The excitement of illegal dance parties held in warehouses is being in the know, and getting drinks well past the city’s 2 am curfew. 

An event called Risky Vision is trying to tap into that vibe, with one major difference: It's legal.

But it does still have cheap drinks and the same talent. On a recent Friday night, the Echo is packed with people dancing to Benedek, an electronic musician whose unkempt hair bobs rhythmically to the beat.

Blaring '80-style synths and slapping bass, the music is kind of cheesy, but in that way funky house should be – a throwback to the Chicago scene and Frankie Knuckles. People are boogieing hard.


The event is aimed at those who just want to groove, without worrying about dress codes or secret locations.

“Not everyone is savvy enough to find things like passwords, or go out so late for warehouse parties,” says Tahl Klainman, one of the event's founders.

He and his co-founder Marko Bacilio shout out scattered shows at Los Globos, and events thrown by local promoters Rhonda and Far Away at the Standard and Ace hotels. But beyond that, the niche between big Hollywood clubs and warehouse parties is largely undeveloped.

“On one hand, night clubs attract expensive talent – especially international DJ's – but that's not necessarily what we're after,” Bacilio explains. “We want to promote local talent.”

With house music’s international resurgence in recent years, it is not surprising that Los Angeles would develop its own crop of talented producers and DJs. Risky Vision's founders cite a number of local contributors, including Sage Caswell, Cromie, Jeniluv, and Mor Elian, who are helping put L.A. on the map with their own twists on the genre's characteristic, repetitive 4/4 dance beats.

This growing crop of L.A. talent features prominently on Risky Vision's lineups, which also includes residency sets by Klainman and Bacilio themselves, who go by the stage names Ford Prefect and Channel One, respectively.

Showcasing local talent puts Risky Vision at odds with underground warehouse parties, which have been a dominant force in the city’s extensive industrial zone east of downtown. 

But the illicit parties are on the decline recently, due to crackdowns from LAPD's vice squad.

See also: LAPD is Hell Bent on Closing After-Hours and DIY Parties

LAPD Detective Eric Moore has said that warehouse dance parties regularly pull in $20,000 a night, but promoters know they stand to lose a lot of money when the events are busted, which makes them hesitant to book shows. Not to mention there are serious liabilities associated with DIY locations: in 1990, a fire killed 87 people inside an illegal New York dance club.

In a way, the city’s squeeze on warehouse parties works in Risky Vision's favor – making promoters more willing to book shows with established venues. But Klainman and Bacilio admit that it's difficult to compete with the “cool factor” of warehouse parties.

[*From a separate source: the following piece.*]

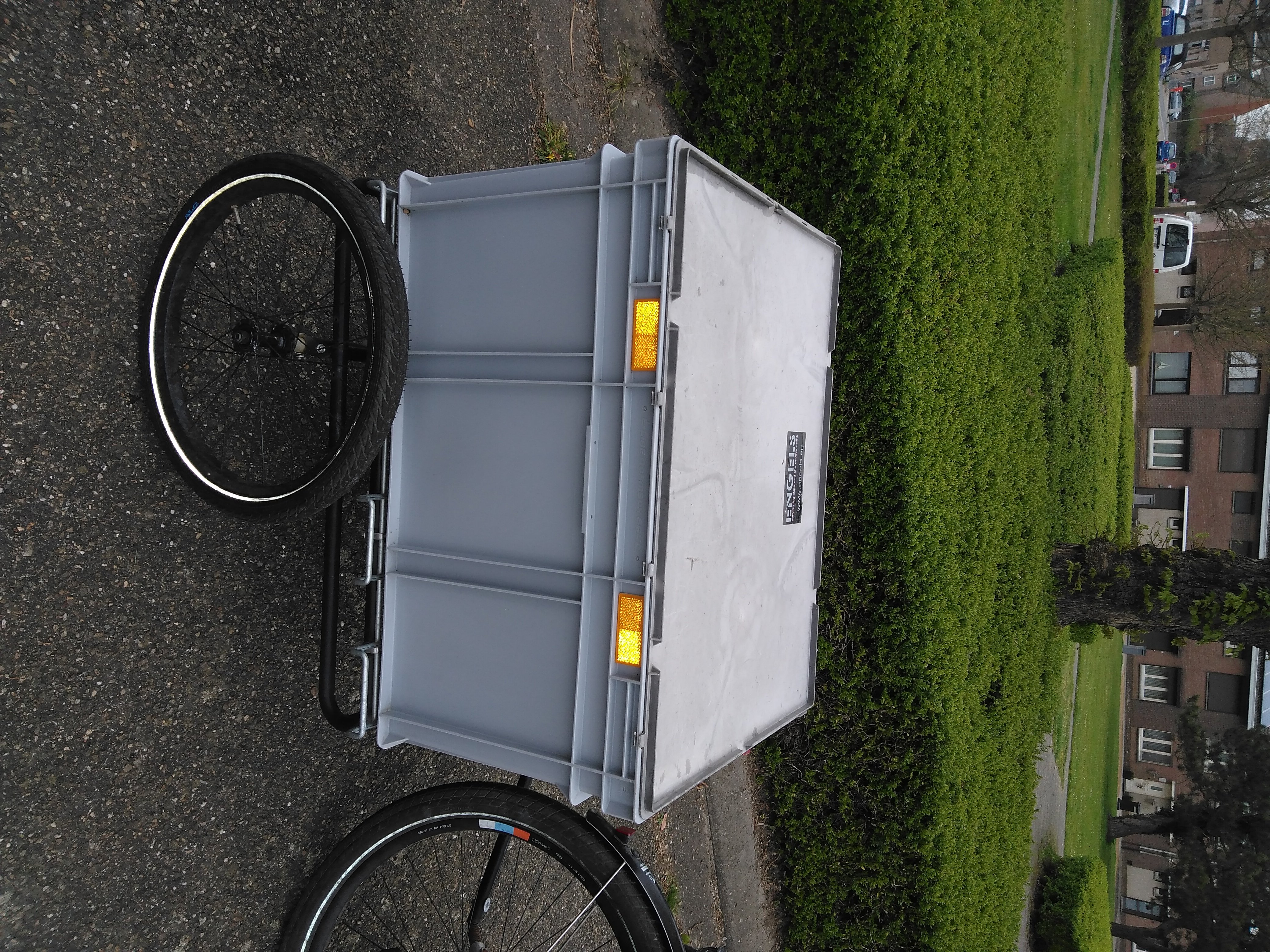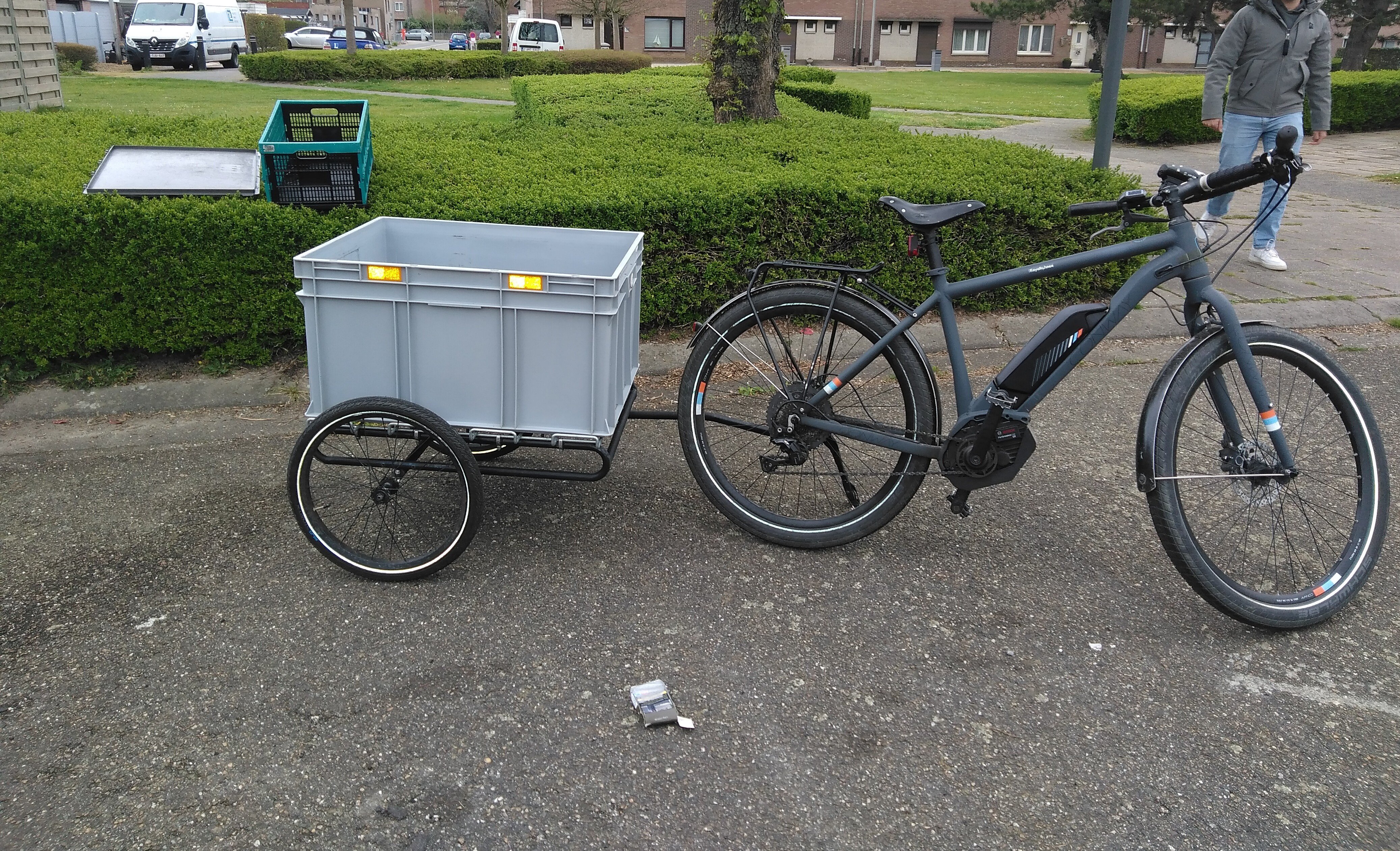 Ik vond mijn gewenste boodschappenkar ook niet in de fietshandel, daarom het frame van een oudere hondenkar gebruikt en daarop een plastick bak gemonteerd. Simpel en erg doeltreffend. Eens bij de supermarkt aangekomen neem je toch een winkelkar van de winkel zelf. Ik kan nu veilig mijn boodschappen vervoeren. Het enige minpunt is dat de snelsluiting niet straf genoeg is en ik bij regelmaat de bevestigings koppeling voor de kar moet controleren en weer terug wat in een hogere positie zetten. Mijn kar staat winter en zomer buiten.

“It's been a challenge to convince people that it’s okay to go to a house night at the Echo,” says Klainman.

The duo has thrown nine events under the Risky Vision name — about every month and half — and is looking to turn the brand into a monthly gig. In August, they packed the Echoplex’s patio at Echo Park Rising, and Risky Vision has been regularly promoted by KCRW DJ Mario Cotto.

Bacilio, who is 30, witnessed the tail end of house music's first wave, and the end of the '90s rave scene. Klainman, who is 24, is entering the scene just as the genre is coming back into style.

So, is house music here to stay this time?

“We’re betting this is just the beginning of house and techno's resurgence,” Klainman says. “It's soulful, funky, danceable, and thoughtful – and that's what gives music staying power.”